Congrats guys. One of these days I will win something. I will even settle for the lottery.


----------



## johnnycnc (Dec 26, 2007)

Barry,Anthony:I got your info and will mail
your goodies out asap.

Dustin,better luck next time.sorry.

Thanks again to everyone!!


----------



## savannadan (Dec 26, 2007)

Happy Holidays!  764 for B.
Thank you,
Dan


----------



## JPatterson (Dec 26, 2007)

Let's try 478 for Prize A

Thanks

JP


----------



## JPatterson (Dec 26, 2007)

Oops just noticed was closed. 
Thanks anyway


----------



## cowchaser (Dec 26, 2007)

> _Originally posted by johnnycnc_
> 
> Barry,Anthony:I got your info and will mail
> your goodies out asap.
> ...



No need to be sorry. I'm just having a good time. Thanks for doing this.

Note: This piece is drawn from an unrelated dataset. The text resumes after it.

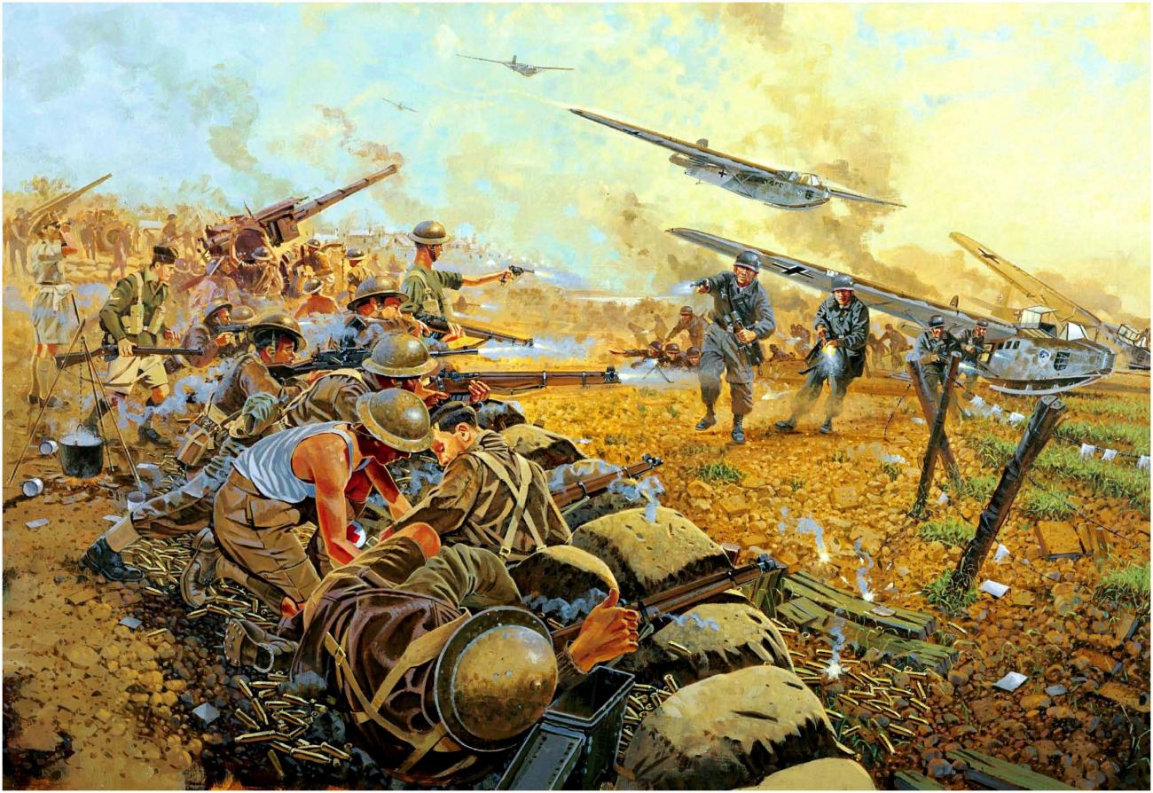 20 Μαΐου 1941 Την 6:30 πρωινή αρχίζει η γερμανική επίθεση. Βομβαρδίζονται και ρίχνονται αλεξιπτωτιστές στα Χανιά, στο Ρέθυμνο και το Ηράκλειο. Σημειώνονται κατά τόπους συγκρούσεις των Γερμανών αλεξιπτωτιστών με τα συμμαχικά στρατεύματα, τα οποία ενισχύονται από τον ντόπιο πληθυσμό.

It was great fun and look at it this way. I was only around 400 or so off


----------



## johnnycnc (Dec 27, 2007)

A quick update for Anthony and Barry;
Your packages were mailed Wednesday 12-26,right
before the P.O. counter closed,so they
are on the way.
Thanks again to everyone,and may you all
have a healthy and prosperous New Year in 2008.


----------



## PenWorks (Dec 29, 2007)

Christmas presents arrived today. What a wonderful surprise. Given my excellent memory, I had no idea what was in the box, could not think what I ordered now and forgot about. John does some really nice work. I never thought I could get excited about bushings  The live and dead center are machined beauty's

Thanks again John, they will be put to good use.


----------



## johnnycnc (Dec 29, 2007)

Anthony,I'm glad the package arrived safely,
Thanks for letting me know.
I hope you enjoy!


----------